Fig. 4: TMBIM5 and MICU1 are found in the same macromolecular complex and their deficiency results in similar changes in mitochondrial shape and inner boundary membrane.

a Blue native gel electrophoresis of TMBIM5, MCU and MICU1 in human HAP1 (left) and HEK293 cells with (wild type, WT) and without TMBIM5 (knockout, KO) expression. Approximate molecular weight is indicated. b Co-immunoprecipitation of TMBIM5 with HA-tagged MICU1 (arrow). Left panel shows successful pull-down of tagged MICU1 and the right panel coimmunoprecipitation of endogenous TMBIM5. Molecular weight is indicated. c/c’ Morphometric analysis of TMRM-labeled mitochondria in WT, TMBIM5 (T5) KO, and MICU1 (M1) KO HEK cells imaged with structured illumination microscopy.

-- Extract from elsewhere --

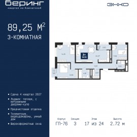3-комн. квартира от застройщика с предчистовой отделкой в ЖК "Беринг" на 17 этаже. Общая площадь: 89.25 кв.м., жилая: 38.27 кв.м., площадь просторной кухни-столовой: 24.27 кв.м. Угловая квартира, очень светлая, естественная вентиляция при открытии окон. В квартире один балкон и одна...

C’ shows typical pictures, size is indicated. d/d’ Evaluation of mitochondrial membrane potential (ΔΨm) gradients of WT, T5KO, and M1KO HEK cells using structured illumination microscopy. d’ illustrates the findings. Vertical lines in D indicate the TMRM concentration threshold for half-maximal IBM association index changes. Lower thresholds reflect more even membrane potential distribution between cristae and inner boundary membrane; higher thresholds indicate greater potential differences between these compartments. Data in (c) are presented as box and whisker plots with the box representing the interquartile range, spanning from the 25th to the 75th percentile. Whiskers extend from the minimum to the maximum data points. Each data point represents a single cell accumulated from 4 independent experiments. Data in (d) show the mean ± standard errors of mean. Statistical significance in c was determined using the Kruskal-Wallis test followed by Dunn’s multiple comparisons test, p values are indicated.